BASTIDORES DA CENA TEATRAL PIAUIENSE - FIM


             Corria o ano de 1979, ano de grandes produções do teatro piauiense, quando estava em cartaz a peça "O Chico e a Seca", de Wilson Gomes, montada pelo Grupo de Teatro Nazaré - Grutena. Wilson é um querido amigo do teatro. Como eu gostava de acompanhar alguns espetáculos anotei esse causo de bastidores.
            A peça se apresentava no Centro Social Leão XIII, na Vila Operária. No elenco, além de Wilson, faziam parte Rainha da Floresta e o violeiro Pedro Costa. Para ajudar o grupo fiquei, naquela apresentação, fazendo a bilheteria. Só que antes de ir vender os ingressos, achei por bem vestir uma camisa de mangas que estava no camarim, com largos bolsos, para botar o dinheiro. Lá para tantas, quando sai da bilheteria e estava assistindo o espetáculo, notei uma demora na cena, Rainha da Floresta, que fazia o papel de mãe e avó de um personagem não entrava em cena. E haja enrolação. Corri nos bastidores ver o que estava acontecendo. Quando a Rainha me viu entrar com a camisa, meteu a mão em um dos bolsos e tirou seu aparelho de dentes.Lavou e meteu na boca. Ela  simplesmente fazia o papel de mãe com dentes e de avó sem dentes.

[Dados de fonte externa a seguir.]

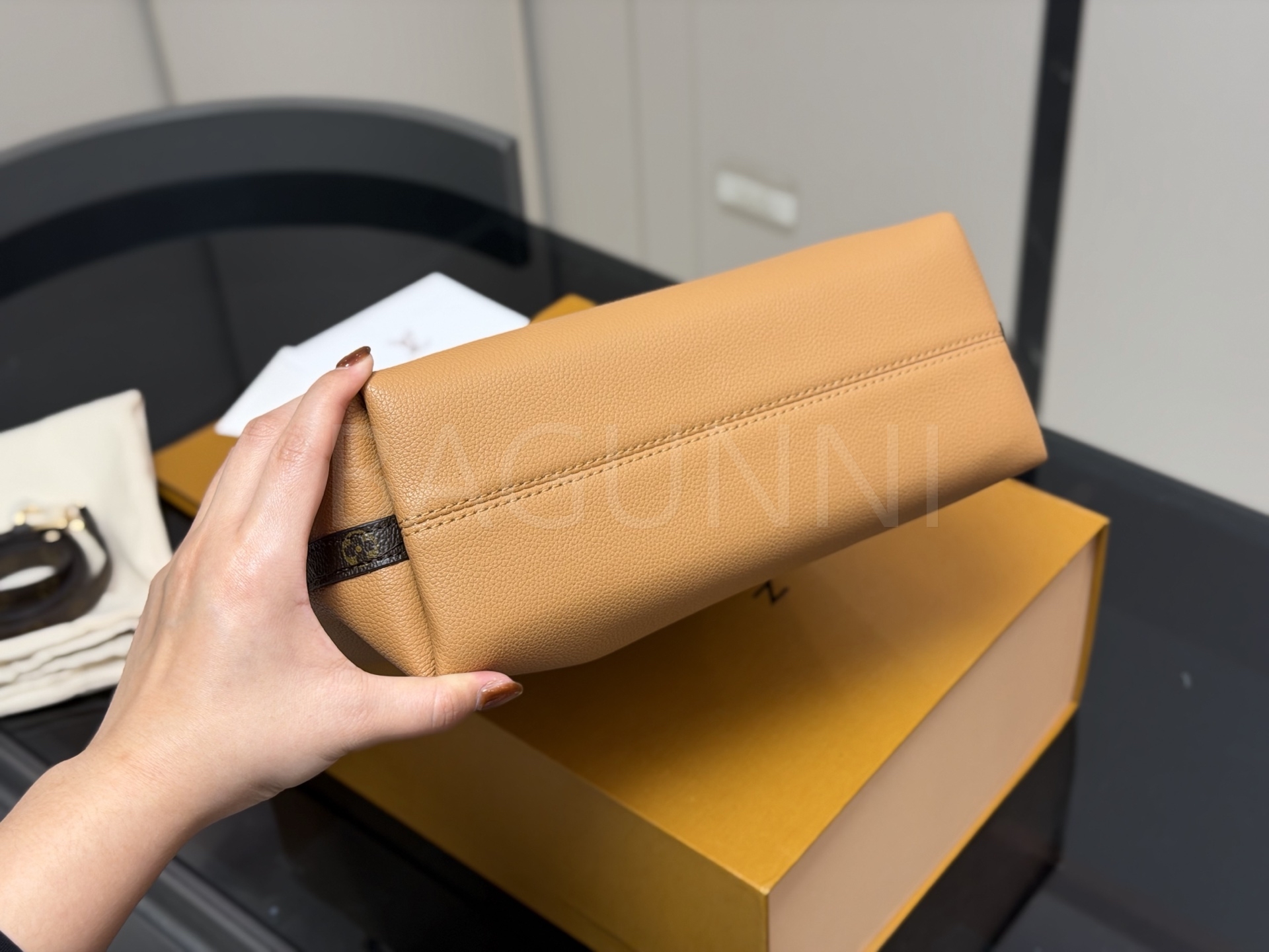 - 가죽 제품의 경우 소재 특성상 자연스러운 주름, 눌림, 스크래치 등이 발생할 수 있으며, 이는 사용 과정에서도 나타나는 부분으로 불량이 아닙니다.

Achei fantástico!
             De outra feita, e essa aconteceu no grupo Raízes coordenado por mim, apresentávamos o espetáculo Chiquinha, uma peça infantil de minha autoria, com um elenco fantástico, desde Lili Martins, Adalmir Miranda, Nádia Rodrigues, Kleber Fé e outros. Tinha uma cena em que a personagem de Nádia Rodrigues ficava amarrada de mentirinha numa cerca cenográfica. Só que o ator que contracenava com ela amarrou de verdade suas mãos na cerquinha. Claro que ela não notou. Na hora da fuga, ela não conseguiu desatar o nó, ficou aquele sufoco. O ator sorria nos bastidores. Apenas eu notei a brincadeira, que não deixava de ser uma pequena maldade. Nádia, depois de forçar bastante, e não conseguir se desatar, derrubou a cerquinha cenográfica e fugiu, como fazia na cena. a criançada adorou. Depois foi desfeito o mal entendido. Coisas do teatro.
             Por último, e ai vou omitir o nome do ator, aconteceu em pleno Theatro 4 de Setembro. Apresentávamos a peça Auto do Corisco, de minha autoria, pelo Grupo Raízes. Casa com bastante gente. O ator tinha brigado com o Grupo, mas iria fazer sua última apresentação da peça. Na cena final em que atuava, terminada a cena, ele não saiu pela coxias, mas pela platéia. E foi embora com o figurino que usava. Hilário! Hoje é um querido amigo, de sempre. 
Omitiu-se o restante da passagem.